Saving the System

 

I seldom use the New York Times sociological columnist, David Brooks, as a source for my blog posts because I am focused primarily on economic and fiscal issues.  But his column today, “Saving The System,” is highly pertinent to my message.
Capture1“All around, the fabric of peace and order is fraying.  The leaders of Russia and Ukraine escalate their apocalyptic rhetoric.  The Sunni-Shiite split worsens as Syria and Iraq slide into chaos.  China pushes its weight around in the Pacific. … The U.S. faces a death by a thousand cuts dilemma.  No individual problem is worth devoting giant resources to.  But, collectively, all the little problems can undermine the modern system.”
In addition to all of these pesky worldwide problems, our free enterprise economic system is under siege.  Wages have been largely stagnant since the early 1970s and income inequality is growing as the top 1%, and perhaps the top 10 or 15% as well, do much better than everyone else.  And just lately we have also learned from the French economist, Thomas Piketty, that wealth inequality has been growing steadily ever since about 1950 and is likely to get substantially worse in the future.
In other words, western civilization is under threat in more ways than one.  What are we going to do about it?  At the risk of oversimplifying, I believe that the single best thing we can do is to undertake fundamental tax reform to make our economy stronger.  Cut everyone’s tax rates and pay for it by closing loopholes and deductions which primarily benefit the wealthy.
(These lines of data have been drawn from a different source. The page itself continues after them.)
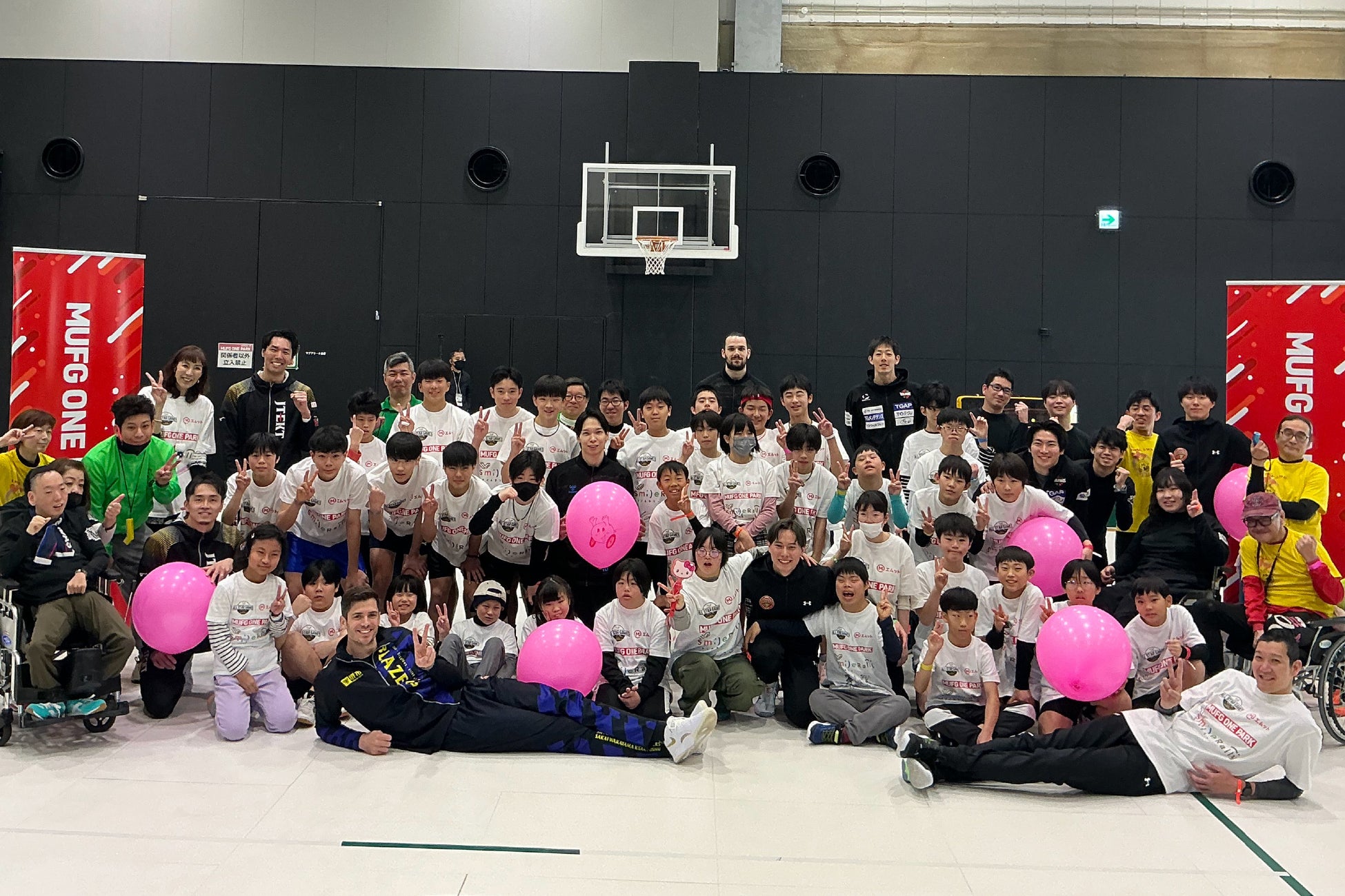 サブアリーナで行われた「ふうせんバレー」は、バドミントンコートを使用し、障がいのある3-4名と障がいのない人2-3名の6名がチームとなり、メンバー全員が直径40cmのふうせんに1度は触れ、かつ10回以内に相手コートに返すという全員参加型のパラスポーツ。クラブチームの監督から、「障がい者の方たちと、心のバリアフリーを体験してきてください」と送り出された中学生やデイサービスで風船を使った遊びを楽しんでいる支援学校の生徒らが、オールスター選手と交流した。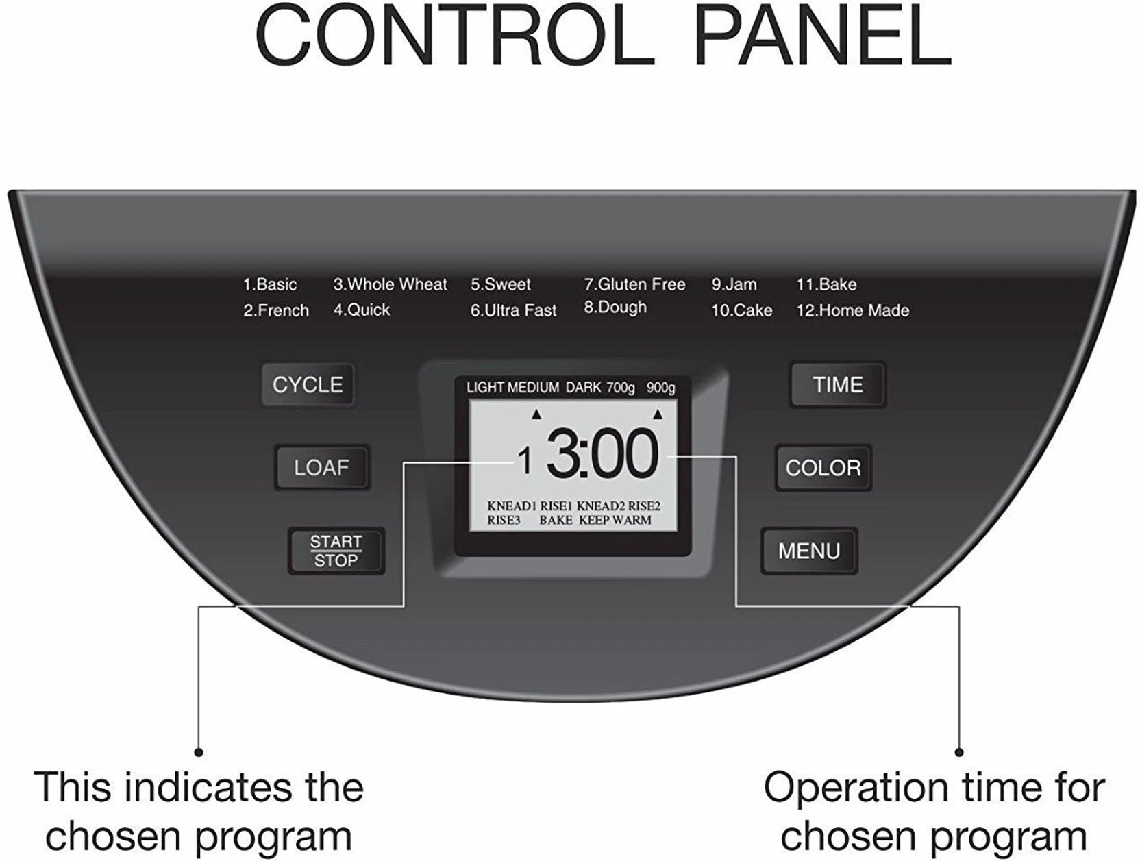 🍞 12 pre-programmed baking modes (Basic, French, Whole Wheat, Quick, Sweet, Ultra‑Fast, Gluten‑Free, Dough, Jam, Cake, Bake, Homemade)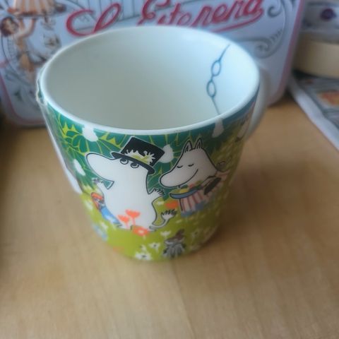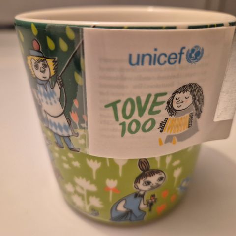 Myyntiin upea Toven juhla -muumimuki vuodelta 2014. Muki on tarrallinen ja käyttämätön.

  • Lower tax rates will put more money in the hands of the two thirds of Americans who don’t itemize their tax deductions. These are largely the same people with stagnant wages and so they will spend this extra income they receive.
  • The resulting increase in demand will put millions of people back to work and thereby increase tax revenues which will help balance the budget. This shift of income from the wealthy to the less wealthy will reduce income inequality.
  • Although harder to implement politically, a low (between 1% and 2%) wealth tax on financial assets above a threshold of $10 million per individual, would be a highly visible way to address wealth inequality. The substantial sum of revenue raised by this method could be used to fund national priorities as well as paying down the deficit.

I don’t want to leave the impression that I consider this program to be a panacea for strengthening our country.  But it would help and we need to make some big changes to maintain our status as world leader.